Supplied material
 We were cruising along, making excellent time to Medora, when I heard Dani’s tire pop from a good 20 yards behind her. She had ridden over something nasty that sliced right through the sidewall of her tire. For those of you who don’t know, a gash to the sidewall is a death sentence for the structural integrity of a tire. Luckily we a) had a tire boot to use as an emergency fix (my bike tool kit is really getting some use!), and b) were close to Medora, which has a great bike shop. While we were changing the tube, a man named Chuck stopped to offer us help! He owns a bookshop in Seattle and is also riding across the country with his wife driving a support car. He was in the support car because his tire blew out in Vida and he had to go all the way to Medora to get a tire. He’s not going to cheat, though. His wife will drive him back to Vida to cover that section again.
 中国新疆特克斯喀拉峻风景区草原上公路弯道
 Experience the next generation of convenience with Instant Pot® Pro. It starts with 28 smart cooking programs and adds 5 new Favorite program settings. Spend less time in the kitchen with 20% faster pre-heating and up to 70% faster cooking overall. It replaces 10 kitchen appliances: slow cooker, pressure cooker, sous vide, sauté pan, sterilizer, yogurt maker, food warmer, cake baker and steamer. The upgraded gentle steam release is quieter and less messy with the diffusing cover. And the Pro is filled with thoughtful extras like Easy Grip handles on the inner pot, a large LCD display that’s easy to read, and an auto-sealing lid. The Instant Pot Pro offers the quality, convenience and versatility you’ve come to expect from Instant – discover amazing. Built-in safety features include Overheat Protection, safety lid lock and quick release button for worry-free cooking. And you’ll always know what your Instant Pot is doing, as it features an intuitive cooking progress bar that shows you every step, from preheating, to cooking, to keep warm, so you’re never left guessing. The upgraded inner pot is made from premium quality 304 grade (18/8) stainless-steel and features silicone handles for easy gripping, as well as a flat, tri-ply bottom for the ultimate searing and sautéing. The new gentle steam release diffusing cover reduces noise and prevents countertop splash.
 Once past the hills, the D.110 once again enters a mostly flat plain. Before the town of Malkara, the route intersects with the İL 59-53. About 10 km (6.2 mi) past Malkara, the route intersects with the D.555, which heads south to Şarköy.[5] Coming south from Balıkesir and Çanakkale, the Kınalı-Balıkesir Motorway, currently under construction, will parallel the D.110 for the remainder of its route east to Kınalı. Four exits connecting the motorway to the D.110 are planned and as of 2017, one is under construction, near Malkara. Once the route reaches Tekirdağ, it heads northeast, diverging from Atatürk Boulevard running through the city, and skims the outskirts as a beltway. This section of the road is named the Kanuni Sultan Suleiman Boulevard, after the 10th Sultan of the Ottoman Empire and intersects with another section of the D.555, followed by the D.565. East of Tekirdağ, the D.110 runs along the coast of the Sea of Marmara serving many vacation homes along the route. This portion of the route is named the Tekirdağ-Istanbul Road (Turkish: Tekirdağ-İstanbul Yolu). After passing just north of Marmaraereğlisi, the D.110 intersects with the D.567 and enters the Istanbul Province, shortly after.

...

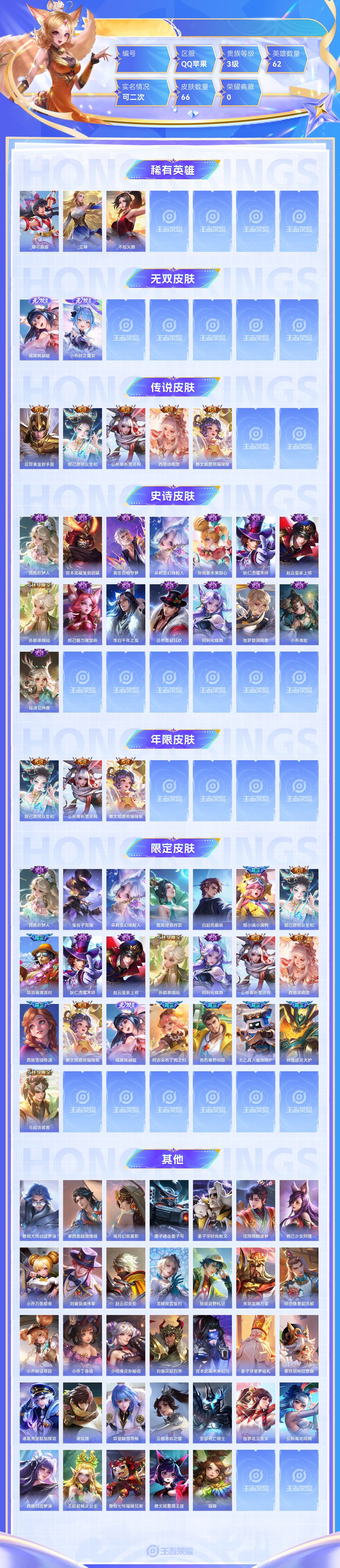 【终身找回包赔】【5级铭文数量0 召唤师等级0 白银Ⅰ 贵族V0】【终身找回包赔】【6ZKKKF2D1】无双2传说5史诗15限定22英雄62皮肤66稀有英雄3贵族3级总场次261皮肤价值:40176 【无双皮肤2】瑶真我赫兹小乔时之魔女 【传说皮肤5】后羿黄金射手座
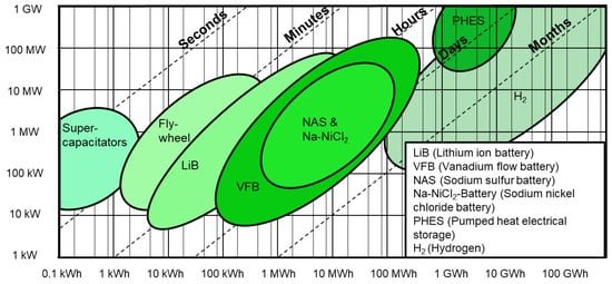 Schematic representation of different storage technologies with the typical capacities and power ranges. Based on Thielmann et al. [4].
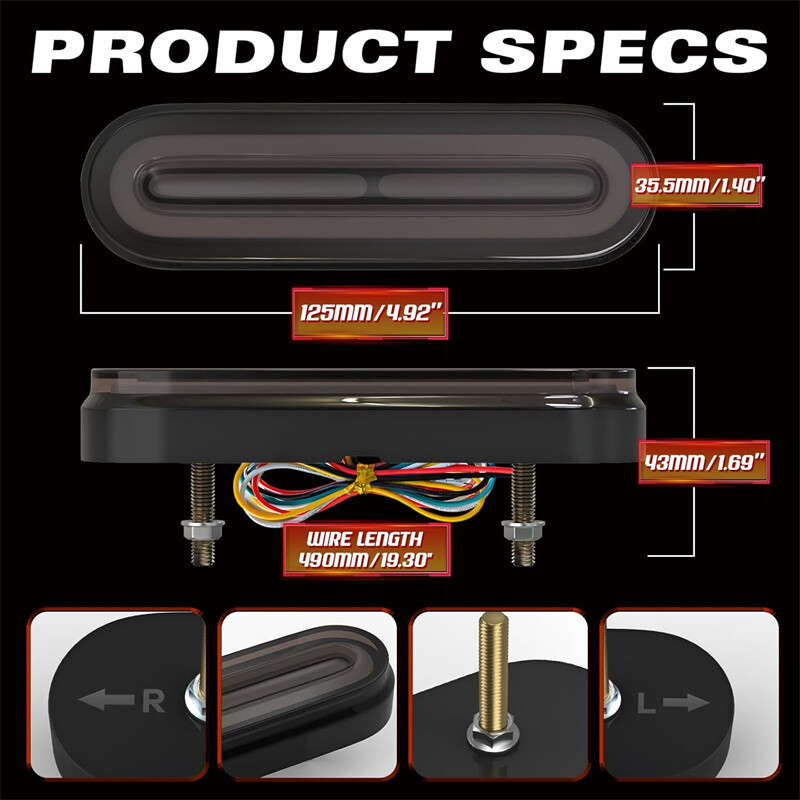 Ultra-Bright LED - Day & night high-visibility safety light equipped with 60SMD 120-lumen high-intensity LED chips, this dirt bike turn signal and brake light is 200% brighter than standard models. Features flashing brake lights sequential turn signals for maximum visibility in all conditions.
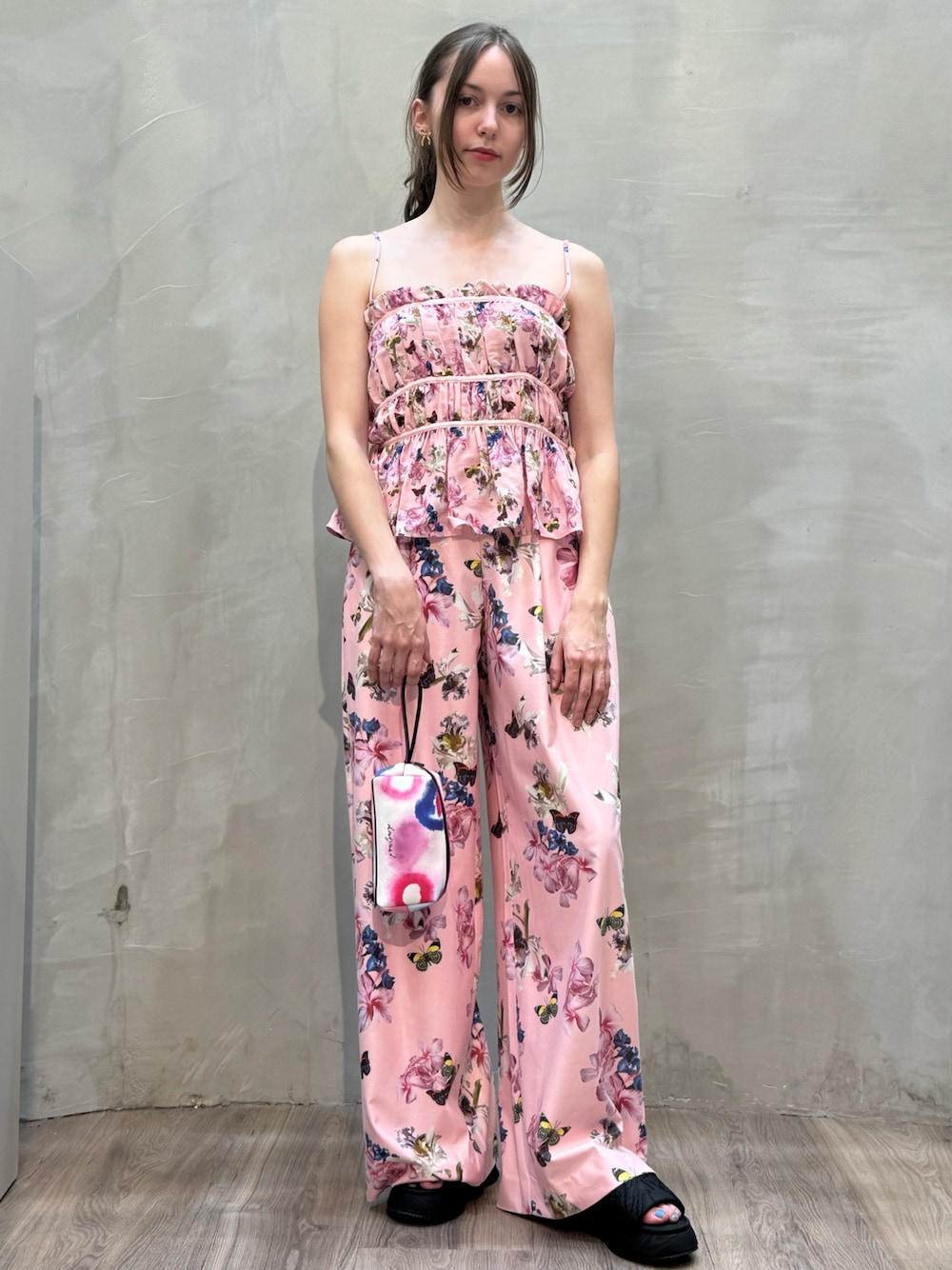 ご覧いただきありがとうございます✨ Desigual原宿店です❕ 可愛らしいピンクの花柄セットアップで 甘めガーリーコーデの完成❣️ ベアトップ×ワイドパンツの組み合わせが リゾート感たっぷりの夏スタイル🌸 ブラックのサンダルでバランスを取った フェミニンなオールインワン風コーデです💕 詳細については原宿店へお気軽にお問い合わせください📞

==

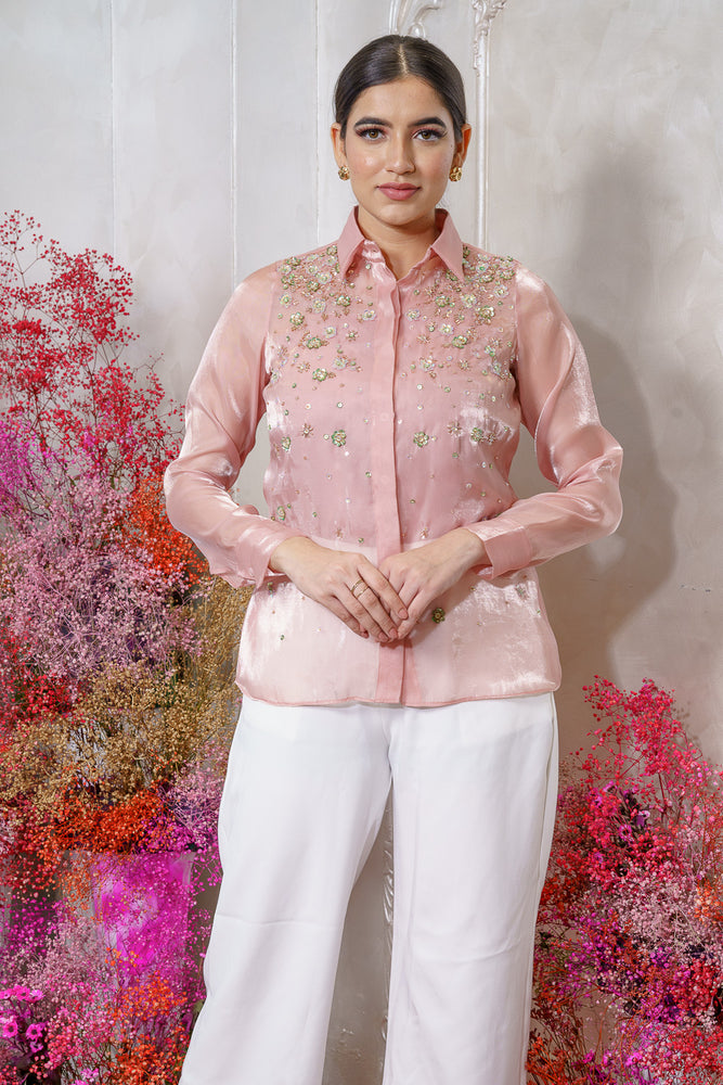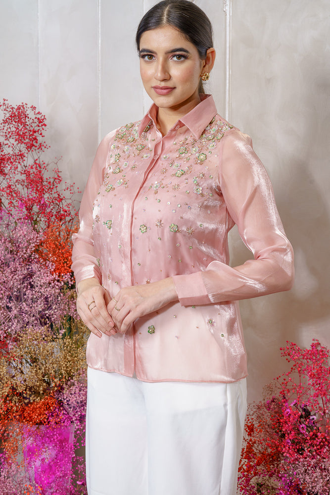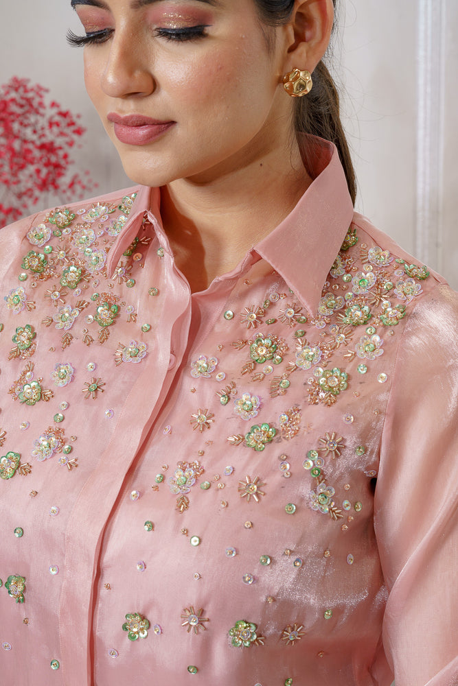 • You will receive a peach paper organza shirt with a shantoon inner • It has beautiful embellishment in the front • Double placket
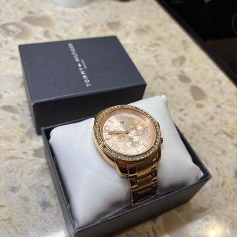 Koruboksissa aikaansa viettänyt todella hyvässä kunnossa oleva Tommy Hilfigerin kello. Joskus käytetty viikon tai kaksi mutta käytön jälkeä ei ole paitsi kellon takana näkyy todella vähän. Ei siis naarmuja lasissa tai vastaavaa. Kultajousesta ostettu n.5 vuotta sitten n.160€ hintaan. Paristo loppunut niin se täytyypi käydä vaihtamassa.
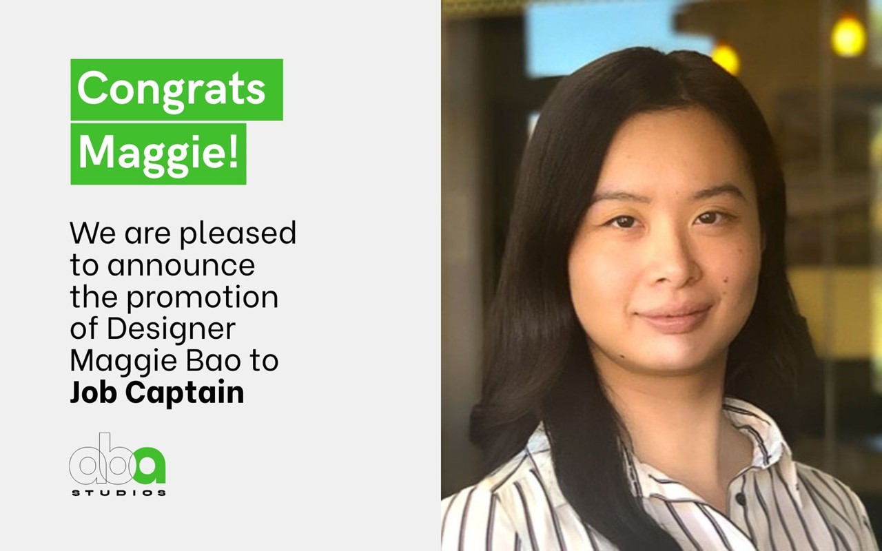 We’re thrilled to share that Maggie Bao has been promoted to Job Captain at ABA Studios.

Description of the task
Retype, exactly and in full, the lines above from the one containing "We were cruising" through the one containing "中国新疆特克斯喀拉峻风景区草原上公路弯道".

Exercise result
 We were cruising along, making excellent time to Medora, when I heard Dani’s tire pop from a good 20 yards behind her. She had ridden over something nasty that sliced right through the sidewall of her tire. For those of you who don’t know, a gash to the sidewall is a death sentence for the structural integrity of a tire. Luckily we a) had a tire boot to use as an emergency fix (my bike tool kit is really getting some use!), and b) were close to Medora, which has a great bike shop. While we were changing the tube, a man named Chuck stopped to offer us help! He owns a bookshop in Seattle and is also riding across the country with his wife driving a support car. He was in the support car because his tire blew out in Vida and he had to go all the way to Medora to get a tire. He’s not going to cheat, though. His wife will drive him back to Vida to cover that section again.
 中国新疆特克斯喀拉峻风景区草原上公路弯道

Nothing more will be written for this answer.